◆ **Data to examine**
********

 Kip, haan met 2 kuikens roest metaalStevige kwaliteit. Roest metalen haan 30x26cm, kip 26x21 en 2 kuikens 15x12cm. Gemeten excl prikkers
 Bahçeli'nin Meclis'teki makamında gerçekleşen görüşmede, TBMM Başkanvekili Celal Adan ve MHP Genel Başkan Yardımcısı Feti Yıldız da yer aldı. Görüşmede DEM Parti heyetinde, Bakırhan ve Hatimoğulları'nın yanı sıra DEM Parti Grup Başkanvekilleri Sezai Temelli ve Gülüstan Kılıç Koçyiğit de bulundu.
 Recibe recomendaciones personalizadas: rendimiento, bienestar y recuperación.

********

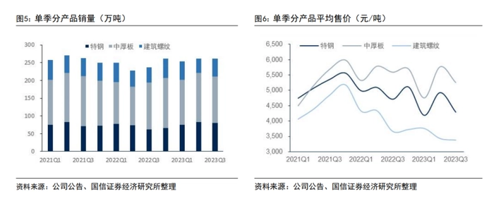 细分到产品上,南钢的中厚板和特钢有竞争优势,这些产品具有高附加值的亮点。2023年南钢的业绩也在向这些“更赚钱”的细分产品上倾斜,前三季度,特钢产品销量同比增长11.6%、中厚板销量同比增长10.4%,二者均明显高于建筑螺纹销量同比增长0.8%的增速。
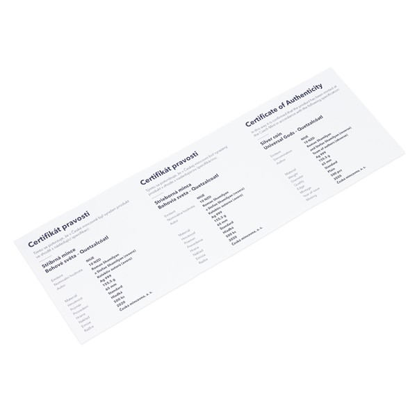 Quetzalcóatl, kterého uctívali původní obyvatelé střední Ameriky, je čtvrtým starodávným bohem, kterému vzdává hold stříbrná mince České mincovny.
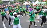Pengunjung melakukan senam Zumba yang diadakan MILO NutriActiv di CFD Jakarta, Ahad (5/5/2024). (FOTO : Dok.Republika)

********

◆ **The task**
Of all the entries above, repeat only the lines from the line that has "Kip, haan met" to the line that has "Recibe recomendaciones personalizadas: rendimiento, bienestar", both lines included, exactly.

◆ **Task output**
 Kip, haan met 2 kuikens roest metaalStevige kwaliteit. Roest metalen haan 30x26cm, kip 26x21 en 2 kuikens 15x12cm. Gemeten excl prikkers
 Bahçeli'nin Meclis'teki makamında gerçekleşen görüşmede, TBMM Başkanvekili Celal Adan ve MHP Genel Başkan Yardımcısı Feti Yıldız da yer aldı. Görüşmede DEM Parti heyetinde, Bakırhan ve Hatimoğulları'nın yanı sıra DEM Parti Grup Başkanvekilleri Sezai Temelli ve Gülüstan Kılıç Koçyiğit de bulundu.
 Recibe recomendaciones personalizadas: rendimiento, bienestar y recuperación.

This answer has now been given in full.